Kolaborasi Huayou Cobalt-UN Global Compact Hadirkan Jaringan Aksi Komunitas Korporat China-Indonesia untuk Pembangunan Berkelanjutan

Program percontohan dari inisiatif ini akan dimulai di sekitar Kawasan Industri Huayou Cobalt Indonesia untuk mengembangkan solusi mata pencaharian berkelanjutan bagi masyarakat sekitar.

Diperbarui 30 Mei 2025, 16:19 WIB
Share
Copy Link
Batalkan

Liputan6.com, Jakarta - Huayou Cobalt bersama UN Global Compact dan 19 organisasi mitra meluncurkan "Jaringan Aksi Komunitas Korporat China-Indonesia untuk Pembangunan Berkelanjutan" di Jakarta, pada 25 Mei 2025. Peluncuran ini berlangsung dalam "KTT Bisnis Global Perdana mengenai Investasi Infrastruktur Sabuk dan Jalan untuk Bisnis, Dunia, dan Tujuan Pembangunan Berkelanjutan yang Lebih Baik" yang diselenggarakan pemerintah Indonesia dan UN Global Compact.

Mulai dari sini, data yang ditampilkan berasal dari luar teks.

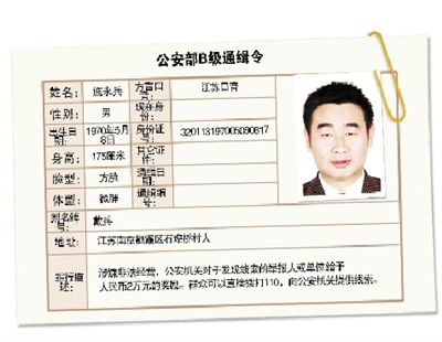 施永兵,曾用名戴兵,男,出生于1970年5月8日,江蘇南京棲霞區(qū)石埠橋村人,身份證號(hào)碼為320113197005080817。此人操江蘇口音,體型微胖,方臉,身高175厘米。公安機(jī)關(guān)以其涉嫌非法經(jīng)營,正在全力追捕。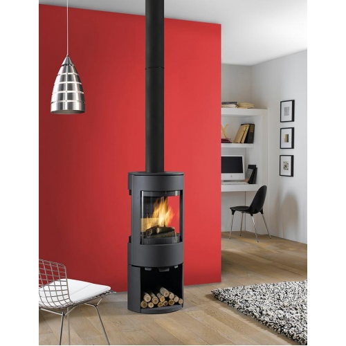 Отдельностоящая дровяная печь из высококачественного чугуна в современном дизайне. Внизу имеется вместительная дровница. Печь оборудована системой двойного дожига. Подключение воздуха снаружи. Цвет - антрацит.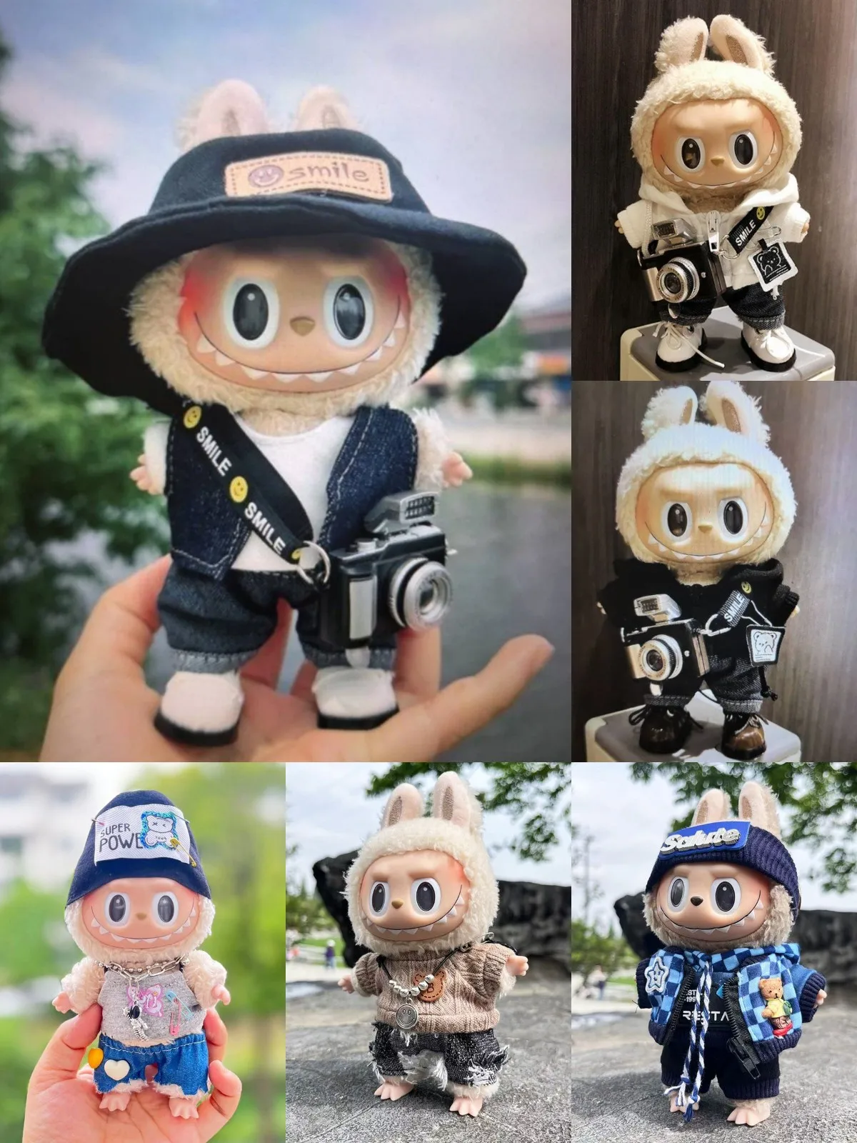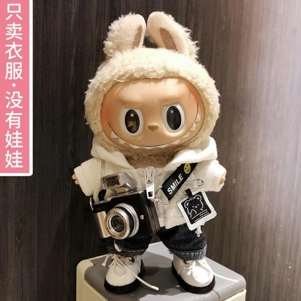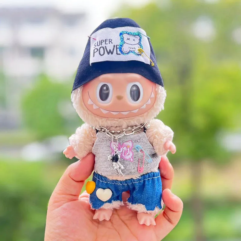 17Cm Cute Mini Labubu Clothes Plush Hoodie Idol Dolls Jumpsuit Clothing Fans Overalls No Doll Accessories for Korea Kpop Exo

Prakarsa Sabuk dan Jalan atau Belt and Road Initiative merupakan inisiatif pembangunan infrastruktur global yang diluncurkan China pada 2013 untuk meningkatkan konektivitas dan kerja sama ekonomi antarnegara.

"Sejalan dengan semangat 'Prakarsa Sabuk dan Jalan', Huayou berprinsip bahwa di manapun kami berinvestasi, kami harus berkontribusi pada ekonomi dan masyarakat lokal," ujar Senior Vice President Huayou Cobalt sekaligus Presiden Huayou Indonesia Nickel Industry Group Gao Baojun dalam pernyataan tertulisnya.

"Lewat kerja sama strategis dengan pemangku kepentingan, kolaborasi, serta harmonisasi kebutuhan masyarakat dengan desain proyek bisnis, kami akan mengembangkan program pemberdayaan yang inklusif dan berkelanjutan."

Upacara penyalaan lampu secara simbolik menandai komitmen jaringan aksi ini terhadap pembangunan berkelanjutan.

"Mari kita bersama-sama jadikan peluncuran jaringan aksi ini sebagai momen untuk mendorong model pemberdayaan masyarakat yang partisipatif melalui kolaborasi antarmitra, keterlibatan aktif komunitas, dan dukungan pemerintah," tambah Gao Baojun. "Mari bekerja sama membangun masa depan yang lebih baik, sekaligus mendukung implementasi Prakarsa Sabuk dan Jalan yang berkualitas demi mencapai Tujuan Pembangunan Berkelanjutan."

Selain Gao Baojun, KTT dan peluncuran "Jaringan Aksi Komunitas Korporat China-Indonesia untuk Pembangunan Berkelanjutan" turut dihadiri Koordinator Residen PBB di China Siddharth Chatterjee, Koordinator Residen PBB di Indonesia Gita Sabharwal, Presiden UN Global Compact Network Indonesia Y.W. Junardy, Perwakilan UN Global Compact di China Liu Meng, dan perwakilan dari berbagai organisasi inisiator jaringan aksi ini.

"Jaringan Aksi Komunitas Korporat China-Indonesia untuk Pembangunan Berkelanjutan" mengintegrasikan sumber daya pemerintah, perusahaan, organisasi internasional, dan organisasi non-pemerintah dari China dan Indonesia. Dalam implementasinya, inisiatif ini memiliki fokus kerja di bidang pendidikan, kesehatan, sanitasi, ketenagakerjaan, pengembangan usaha kecil dan menengah (UKM), sosial budaya, lingkungan, dan infrastruktur lokal.